╭─ Data extract
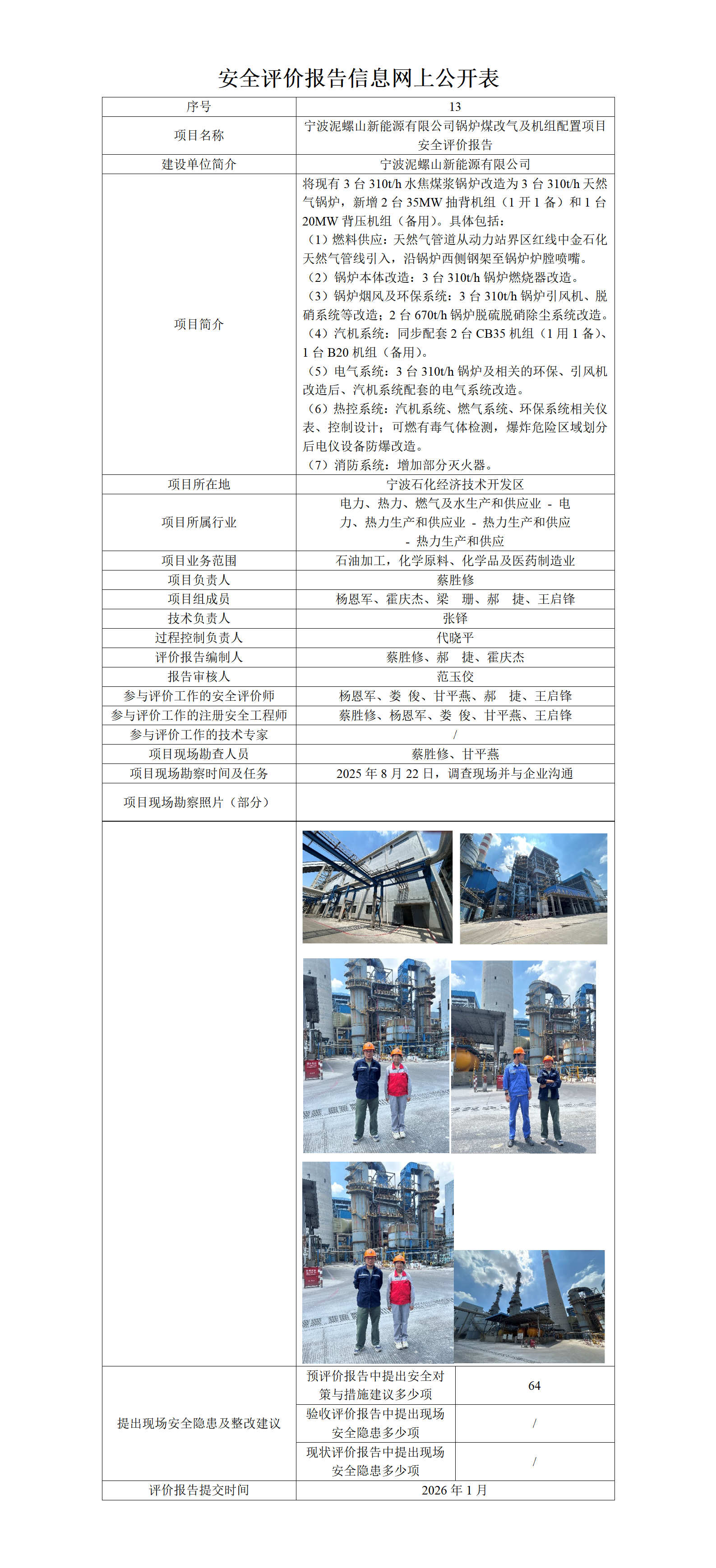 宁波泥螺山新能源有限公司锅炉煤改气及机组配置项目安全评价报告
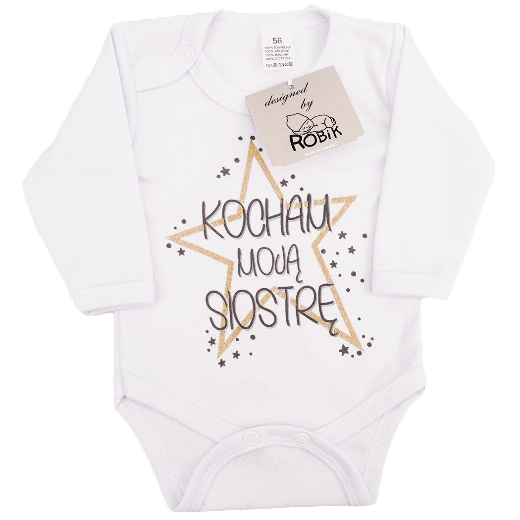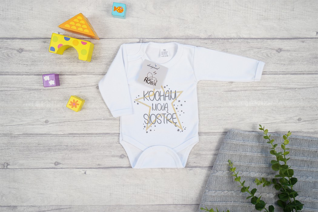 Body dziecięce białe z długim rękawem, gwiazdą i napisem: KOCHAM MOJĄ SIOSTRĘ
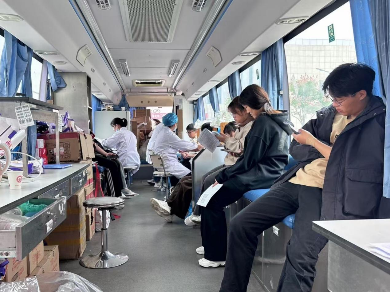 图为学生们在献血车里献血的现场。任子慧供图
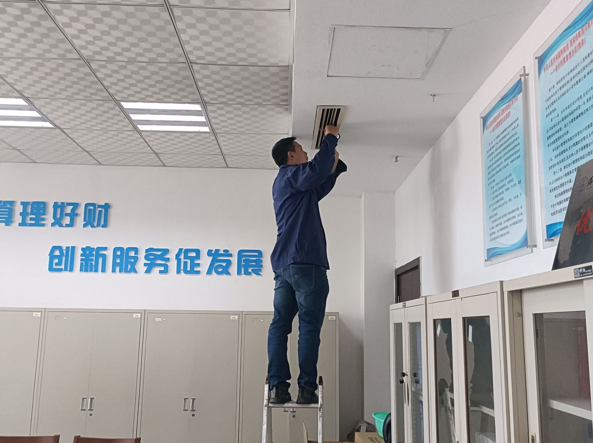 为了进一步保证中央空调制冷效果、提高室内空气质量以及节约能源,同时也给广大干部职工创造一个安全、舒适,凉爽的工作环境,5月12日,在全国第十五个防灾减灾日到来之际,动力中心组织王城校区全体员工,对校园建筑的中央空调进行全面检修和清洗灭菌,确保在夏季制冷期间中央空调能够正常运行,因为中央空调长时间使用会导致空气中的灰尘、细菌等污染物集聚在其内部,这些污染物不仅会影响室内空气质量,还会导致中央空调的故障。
╰─
▸ **Problem to solve**
Everything from the line with "图为学生们在献血车里献血的现场。任子慧供图" through the last line of the listing above is to be copied exactly, both ends included, except the pictures.

▸ **Exercise answer**
 图为学生们在献血车里献血的现场。任子慧供图
 为了进一步保证中央空调制冷效果、提高室内空气质量以及节约能源,同时也给广大干部职工创造一个安全、舒适,凉爽的工作环境,5月12日,在全国第十五个防灾减灾日到来之际,动力中心组织王城校区全体员工,对校园建筑的中央空调进行全面检修和清洗灭菌,确保在夏季制冷期间中央空调能够正常运行,因为中央空调长时间使用会导致空气中的灰尘、细菌等污染物集聚在其内部,这些污染物不仅会影响室内空气质量,还会导致中央空调的故障。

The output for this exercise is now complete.